The examples suggested herein may in particular be based on at least one of the following solutions. Combinations of the following features may be utilized to reach a desired result. The features of the method could be combined with any feature(s) of the device, apparatus or system or vice versa.
A method is suggested for generating a sequence of bits based on a seed, wherein a generator is utilized to generate a first set of bits based on the seed, wherein the generator is used to generate a second set of bits, wherein the second set of bits is based on the first set of bits or on a portion of the first set of bits, and wherein the sequence of bits comprises the first set of bits and the second set of bits.
This approach allows verification of the integrity of the sequence of bits by recomputing the second set of bits. Such verification can be used to confirm the integrity of the generator as it may in particular detect (injected) faults.
It is noted that “based on X” is not limiting the reference solely to X; instead it means that it is based “also on X”, i.e., on X and other inputs or X and intermediate results. For example, the first set of bits is based on the seed, wherein the first set of bits may be determined in portions of bits, wherein each subsequent portion of bits is based also on the seed and (e.g., all) previous portions of bits. Accordingly, the second set of bits is based on the first set of bits (i.e., all of its portions) and the seed.
It is further noted that the generator may often be referred to as random-number generator or pseudo-random-number generator. In the context used herein, it is not decisive whether the randomness of the numbers generated is true randomness, pseudo-randomness, or even relates to deterministically computed numbers. The numbers generated may in particular at least seem—to some extent—arbitrary. In this regard, there is no particular requirement to the level of entropy.
Advantageously, the approach described herein can be used in case the sequence of bits, which may in particular be an at least partially random based sequence of bits, is generated or re-generated from any seed. The seed may comprise several bits, whereas the sequence of bits may comprise (substantially) more bits than the seed.
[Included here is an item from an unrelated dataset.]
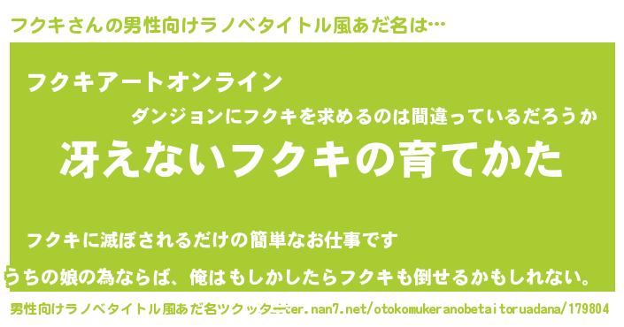 | 胡散臭い通販商品みたいなあだ名 | 『モテモテ間違いなしブレスレット…その名も「フクキ」』 |

The bits may be generated in successive processing steps, wherein each subsequent step is based on the result of the previous step. In an example, the second set of bits may be generated in (at least) one subsequent step that is based on the first set of bits. As an alternative, the second set of bits may be based on a portion of the first set of bits that resulted from previous steps, whereas the remaining portion of the first set of bits and the second set of bits are the result of the recent (latest) processing step.
According to an embodiment, the generator operates in cycles, wherein each cycle depends on the previous cycle and utilizes a function ƒ. Hence, the generator may operate as a state machine comprising several cycles (i.e., processing steps), wherein each cycle is based on the computation of the previous cycle. The seed is processed in an absorbing phase. The first set of bits and the second set of bits are determined in a squeezing phase of a cryptographic sponge construction.
According to an embodiment, the generator is a pseudo-random-number generator (PRNG), which utilizes an absorbing phase absorbing the seed and a squeezing phase determining the first set of bits and the second set of bits.
According to an embodiment, SHAKE is used as the PRNG. According to an embodiment, the second set of bits are checksum bits to verify the sequence of bits. Hence, the checksum bits can be used to verify the integrity of the generator. This verification can be done, e.g., during decapsulation (in case of Kyber) or during signing (in case of Dilithium).
According to an embodiment, the sequence of bits is verified by re-calculating the second set of bits based on the seed and comparing these re-calculated second set of bits with the checksum bits. According to an embodiment, the second set of bits is computed during a key generation and stored together with the key.
According to an embodiment, the method is used in the context of a lattice-based cryptography method. According to an embodiment, the sequence of bits is determined to compile a matrix for a key pair, which is in particular used in Kyber or Dilithium. According to an embodiment, the method is at least partly conducted on one of the following: a security device, a secured cloud, a secured service, an integrated circuit, a hardware security module, a trusted platform module, a crypto unit, a FPGA, a processing unit, a controller, a smartcard.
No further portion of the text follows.